Nguyễn Thị Lệ Nam (born January 15, 1996) is a Vietnamese actress, model and beauty pageant titleholder who was crowned Miss Cosmo Hồ Chí Minh City 2026. She was the winner of the Vietnam Fashion Model 2018. She will represent Ho Chi Minh City at Miss Cosmo Vietnam 2027.
==Early life==
Lệ Nam also known as Nam Anh, was born on January 15, 1996, in Tiền Giang, Vietnam. She is the twin sister of Miss Earth Vietnam 2016 - Nguyễn Thị Lệ Nam Em.
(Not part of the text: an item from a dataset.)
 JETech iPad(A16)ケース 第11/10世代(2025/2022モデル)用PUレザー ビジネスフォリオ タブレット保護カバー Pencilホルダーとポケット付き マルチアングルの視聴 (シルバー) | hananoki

She studied Cultural Management at the Military University of Culture and Arts.

She won the Vietnam Fashion Model 2018 competition and made it to the Top 9 of The Face Vietnam 2018.
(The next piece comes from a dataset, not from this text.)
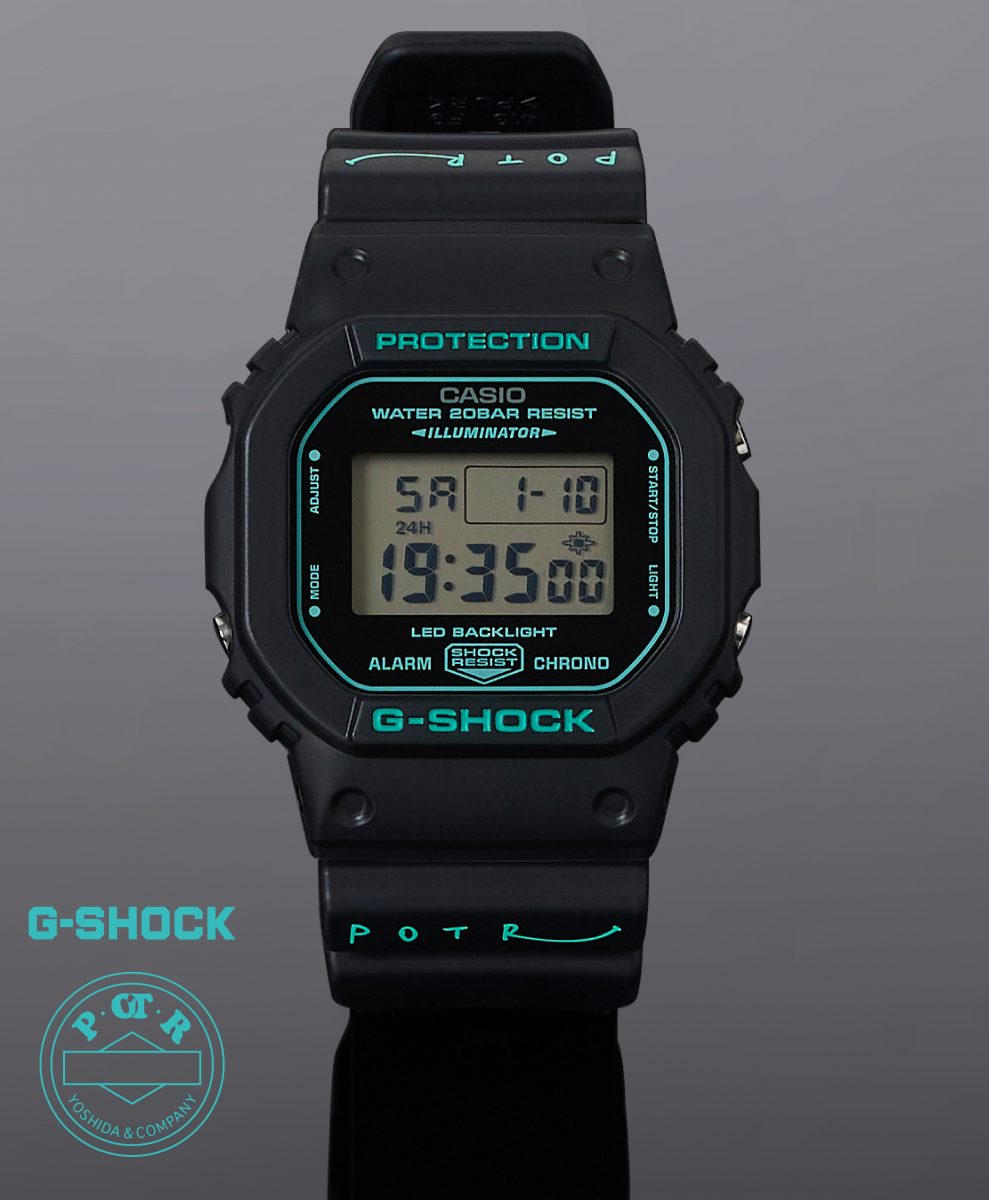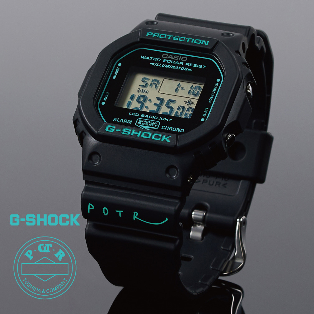 1983年に初登場した耐衝撃ウオッチ「G-SHOCK」と、日本を代表するバッグメーカーである吉田カバンのライフスタイルブランド「POTR(ピー・オー・ティー・アール)」が、両社のフィロソフィーを持ち寄り、開発したのが新作「G-SHOCK × POTR DW-5600」となる。

She is currently working on a community project called Send Our Love - a charitable program she has maintained since 2022 with the desire to support women, children, and those in difficult circumstances throughout Vietnam.
==Pageant==
===Miss Universe Vietnam 2022===
She participated in a national beauty pageant for the first time and made it to the Top 16, winning the Best Face award and the Community Ambassador award.
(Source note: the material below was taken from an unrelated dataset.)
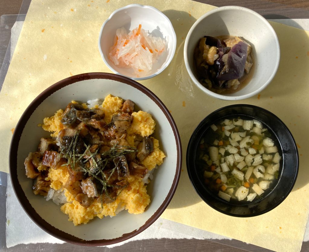 ・うなぎ丼 ・揚げなすのサラダ ・大根なます ・お吸い物

===Miss Universe Vietnam 2023===
She returned to Miss Universe Vietnam 2023 and made it to the Top 10 in the finals also winning the Miss Social Media Award.
===Miss Grand Vietnam 2024===
She achieved a Top 15 finish at Miss Grand Vietnam 2024, along with other awards including Top 5 Best in Swimsuit and Top 18 Miss Elasten.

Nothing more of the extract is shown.